Friday, September 16, 2005

Judges at confirmation hearings don't like to discuss how they'd rule on some hypothetical case. There's a legitimate reason --- a similar case that actually did come before them might be different in some crucial detail, and they don't want to be bound by statements they made without knowing about that. But that's an excuse that doesn't apply to cases that have already been decided. So for those, they need other excuses.

At his confirmation hearings, Clarence Thomas weaseled out of offering an opinion on Roe v. Wade by claiming that he had never thought about it --- not even at the time the decision came down, when he was in law school. If he didn't care enough about constitutional issues then, or subsequently, to look into Roe, you'd think that by itself would disqualify him from his current job --- but evidently, a majority Democratic Senate disagreed.

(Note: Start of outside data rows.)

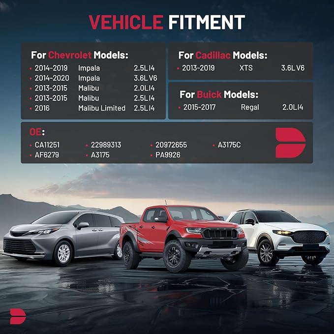 - 【COMPATIBILITY】Compatible with Buick Regal 2015-2017 2.0L; Compatible with Cadillac XTS 2013-2019 (3.6L Naturally Aspirated Only); Compatible with Chevrolet Impala 2014-2020 2.5L 3.6L; Malibu 2013-2015 2.0L 2.5L; Malibu Limited 2016 2.5L.
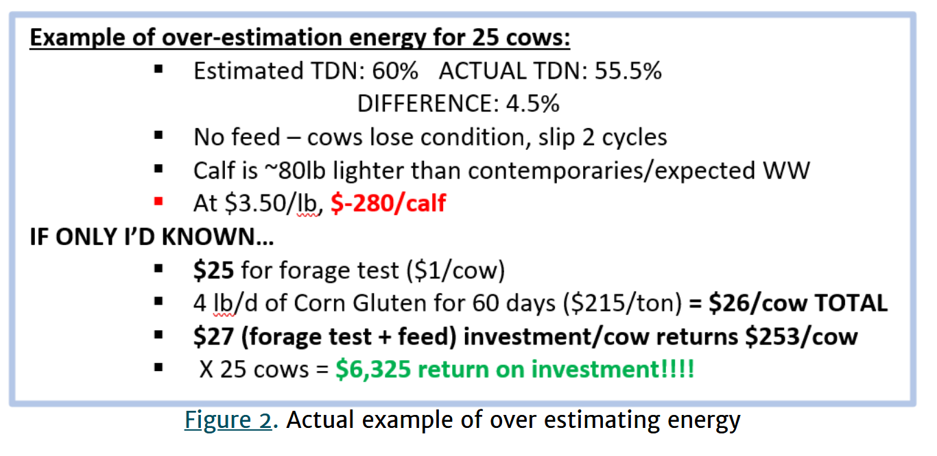 participants along with a survey to estimate what producers thought the quality of the hay was (prior to testing). This allowed for a comparison of what producers thought they An Equal Opportunity, Affirmative Action, Veteran, Disability Institutionhad versus what they actually had. This survey resulted in 83% of producer underestimating the protein of their hay compared to the actual. This would result in purchasing a protein supplement when not needed. For energy, 50% overestimated energy. This would result in depriving needed energy during late gestation and early lactation. In addition to the previously discussed fetal programming issues, this could also cause delayed breeding. An actual example of overestimation of energy is illustrated in Figure 2. The overestimation could likely result in breeding being delayed 42 days. The resulting loss in weaning weight could easily reach 80 lb, resulting in an approximate $280 decrease in value per calf. Through forage testing, the producer would know to feed 4 lb/d of a supplement such as corn gluten feed. Based on a 25-cow herd, this could easily return $6,325 above cost. That is a no-brainer!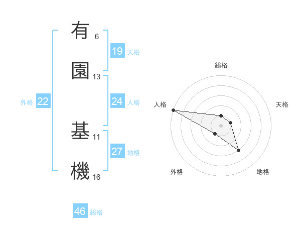 有園 基機さんの総格は46画の1点!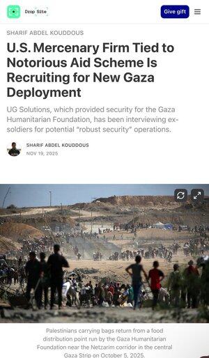 UG Solutions, den amerikanske militære underleverandøren som voktet GHFs hjelpeplasser i Gaza, øker rekrutteringen til 12–15 nye distribusjonsknutepunkter som kan åpne under Trumps fredsstyre, rapporterer @sharifkouddous. En tidligere offiser i hæren som var på intervju for en stilling, fortalte Drop Site at utplasseringer kunne begynne i desember, med vakter som betaler opptil 1 000 dollar om dagen. UG Solutions fortalte Drop Site at de forbereder seg på flere scenarier – alt fra en rådgivende rolle til en «robust sikkerhetstilstedeværelse».

John Roberts can't offer that excuse. At his confirmation hearings, he has proved, if nothing else, that he has followed the Supreme Court's work in great detail. He just won't say what he thinks of it, because... well, for some reason, he just doesn't want to. And so, reports the Times, many legal observers are as frustrated as the Senate's Democratic members themselves at his evasions.

But the Times also reports that there are things that he doesn't evade:

Judge Roberts provided substantial information, at least at the level of theory, about the right to privacy. He said it existed, located it in various constitutional provisions including the 14th Amendment and gave some examples of what it requires. He endorsed a 1965 decision of the Supreme Court holding that the right to privacy guarantees that married couples may use contraceptives.

But his adamant refusal to answer other questions frustrated Democratic senators and liberal scholars.

"From Bush v. Gore to the Second Amendment to separation of church and state to abortion," Erwin Chemerinsky, a law professor at Duke University, said of Judge Roberts, "he was masterful at saying a lot but avoiding answering the key questions."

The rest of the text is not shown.